La nostra vita è fatta di tanti piccoli episodi che si inanellano l'uno con l'altro e di cui a volte non scorgiamo il significato perchè non ci soffermiamo a guardare e a riflettere. Ogni evento può diventare insignificante se lo guardiamo con indifferenza o tutto può acquistare significato se ci soffermiamo, se lo guardiamo con occhio attento. E' quello che sa fare Puya, un bambino curioso, capace di meravigliarsi, un bambino che vuole scoprire la vita e che la vita interroga continuamente. In tutto il film la sua voglia di sapere sarà al centro dell'attenzione e il papà risponderà pazientemente alle sue domande come può, ma a volte dovrà semplicemente dire: "non so" soprattuttto trovandosi di fronte ad eventi che lasciano sempre sgomenti e che suggeriscono domande e non risposte. "Qule strada prendiamo, papà" "Non lo so, ma una la troveremo". Il bambino non ha bisogno di risposte certe, ma deve aver fiducia in chi lo sta guidando. "Non lo so, ma una la troveremo". Il bambino non ha bisogno di risposte certe, ma deve aver fiducia in chi lo sta guidando.
Durante il cammino il regista si ferma, scende dalla macchina ed entrare in un bosco. Lì trova un bambino solo che piange. L'uomo si impietosce e si ferma a cullarlo. Il bambino si calma. Più in là compare la mamma che è andata a raccogliere legna. Il regista sente il proprio figlio che lo chiama e corre da lui. La mamma si affretta dal suo piccolo e lo culla amorevolmente. E' di nuovo il richiamo della vita che sollecita l'attenzione e la presenza vigile dell'adulto.
La tortuosità del tragitto è a suo modo iniziatica, prova dopo prova, deviazione dopo deviazione, ripetizione dopo ripetizione, blocco dopo blocco: così è anche la vita che non scorre quasi mai lungo una linea retta.
Kiarostami ci porta pian piano ad osservare, ad ascoltare, a guardare con spirito di partecipazione tutto ciò che incontra.
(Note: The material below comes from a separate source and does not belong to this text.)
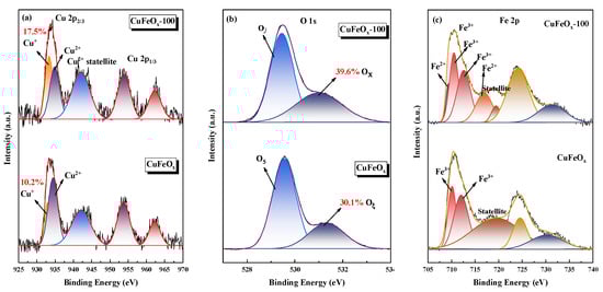 The effect of H2 activation on surface chemical composition on the catalysts was determined with XPS, as depicted in Figure 3. In addition, the atomic percentages of elements were calculated from the areas of the fitted peaks and were presented in Table 2. The Cu 2p of catalysts are depicted in Figure 3a, which could be separated into Cu 2p1/2 and Cu 2p3/2, respectively [24]. The two peaks of Cu 2p3/2 located at 933.4 and 934.8 eV corresponded to Cu+ and Cu2+ species, respectively [1,25]. In addition, the shake-up satellite peak at 942.3 eV was assigned to CuO. According to previous studies [9,26,27], the Cu+ species was the main adsorption and activation sites of CO, playing a crucial role in the CO oxidation process. It could be noted that the proportion of the CuFeOx catalyst was 10.2%, which was much lower than that of 17.5% on the CuFeOx-100 catalyst. This confirmed that the H2 activation could promote the generation of Cu+ species, thus increasing the CO conversion.

La morale di "E la vita continua" è ben spiegata dal suo titolo, ma ogni immagine, ogni dialogo è vissuto con quella partecipazione discreta che aiuta coloro che incontrano ad aprirsi.
Incontrano gente che cammina alla ricerca di un luogo dove fermarsi perché le loro case, i loro villaggi sono rimasti distrutti. Ognuno di loro ha perso qualcosa e qualcuno. A una donna il regista chiede la strada, ma lei ha un groppo in gola e racconta la propria desolazione e smarrimento.
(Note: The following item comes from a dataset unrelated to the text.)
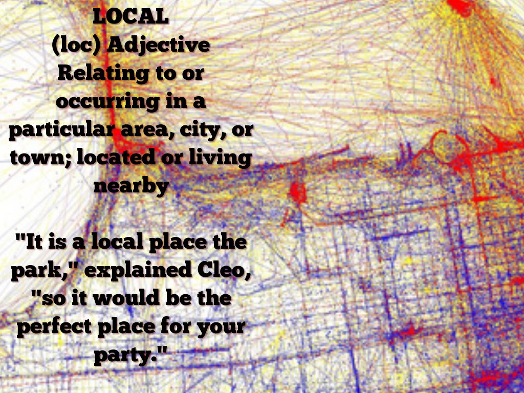 Relating to or occurring in a particular area, city, or town; located or living nearby

"Ho perso 16 persone, - gli dice - sono rimaste intrappolate sotto le macerie. Mi rimane solo una casa distrutta". Il dolore entra prepotente dentro la macchina e ci lascia senza parole: solo il silenzio può accogliere una sofferenza a cui non c'è risposta né rimedio. Ma la donna non chiede consolazione, solo ascolto.
Le strade, nella poesia classica iraniana, hanno a che vedere con l'andare, il migrare, il distacco, sono il simbolo della vita stessa, con il suo trascorrere tra gioia e dolore, tra serenità e smarrimento: le strade attraversano montagne impervie e dolci colline.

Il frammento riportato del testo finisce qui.